Preserve beach access

3/15/2005

BODIES of water, whether lakes, rivers, the Great Lakes, or the oceans, are public recreation resources that should be enjoyed by all who obey the laws and respect private property. However, because not everyone is fortunate enough to own waterfront property, the public's right of access to the narrow strip of land between the normal high-water mark and the water's edge must be protected.

A case testing that proposition is now before the Michigan Supreme Court, and it will be watched by property owners and the public in Ohio and many other states as well. In Michigan the presumption has been that people can stroll along the Great Lakes shoreline as long as they respect lake front owners' privacy by staying near the water's edge.

Speaking for state government, Attorney General Mike Cox, supports beach walkers, urging the court to allow access to the public in beach ares where wave action has created "wet sand or soil."

In Ohio some lawmakers have attempted to strip the state Department of Natural Resources of its control over public access areas along Lake Erie and to allow lake front property owners to fence off or otherwise deprive beach walkers of such access. This is a distorted version of the argument against "takings," defined as regulations or actions of state authorities to limit property owners' "rights."

If a lake lies entirely on private land, that might be one aspect of this complex issue. But most property owners hold tracts of varying sizes on larger bodies of water that are the property of the public, which is free to swim, fish, or engage in other water recreation.

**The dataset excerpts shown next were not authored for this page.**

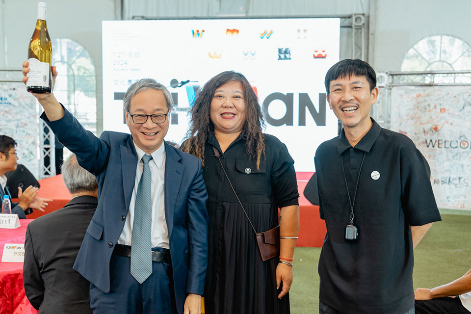 製作行政統籌吳季娟則笑稱自己是國際級總機小姐,跨組、跨國協調各種問題與解方,她哽咽地說,謝謝臺灣、文化部與每一個夥伴,因為有每一個人的相信及付出,「所以我們相聚在這裡」。吳季娟最後驚喜向文化部長李遠獻上由法國技術夥伴特製、印有「Pavillon Taïwan」字樣酒標的白酒,展現此次「臺法同心、其利斷金」,充滿愛、溫暖與默契的完美合作。
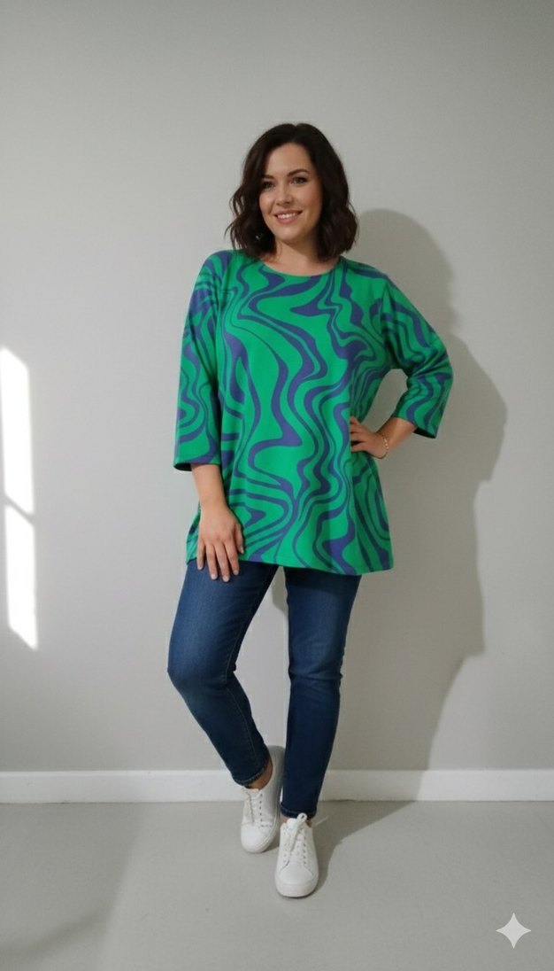 Yeşil renkli hamile tunik, salaş kesim ve uzun kolludur. Canlı bağlama desenli, drapeli ve yuvarlak yakalıdır. Midi boyda, yumuşak sentetik kumaştan üretilmiştir.
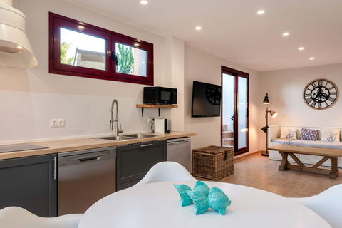 The fourth bedroom is located on the garden level and has an independent exit to the garden. It is a studio of approximately 45 m2 with a kitchenette, living area and a bathroom equipped with a shower. This is an ideal additional option for residents, guests or subletting part of the property. The house has a touristic license.
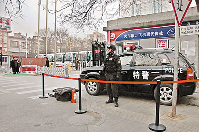 ■兩會駐地—鐵道大廈前,早已有特警把守。 王添翼 攝

This strongly implies access to the narrow strip of beach at the water's edge that has long been defined as public. The doctrine going back some 14 centuries in common law, and stemming from the Roman code of Justinian in the 6th century, holds that property owners own neither the beach nor the water in front of their property.

To suppose otherwise creates an almost impossible situation. Lake property owners, like any member of the public, would be quick to appeal to public agencies to prevent discharges of pollutants into the water in front of their homes or public beaches, and no sensible person would regard such bodies of water as the "property" of those who happen to hold title to lots or tracts adjoining them.

Some cities and states, including parts of Florida and Hawaii, are sensitive to the public-access issue. Ohio lawmakers, responsive to vocal groups of property owners, have sought to accommodate their desires to fence off beach property or place other obstacles in the way of walkers. It is intolerable that in the Great Lakes states of Michigan and Ohio, public access to beaches should be restricted because of misguided and often misleading efforts by property owners, and we believe the Michigan Supreme Court should strongly rule in that direction.

What has been done in years past cannot readily be undone. But if we were to start over again, it would be inconceivable that a property owner would be allowed to put up no-trespassing signs on the beach or shoreline of what is so evidently a public, not a private, resource.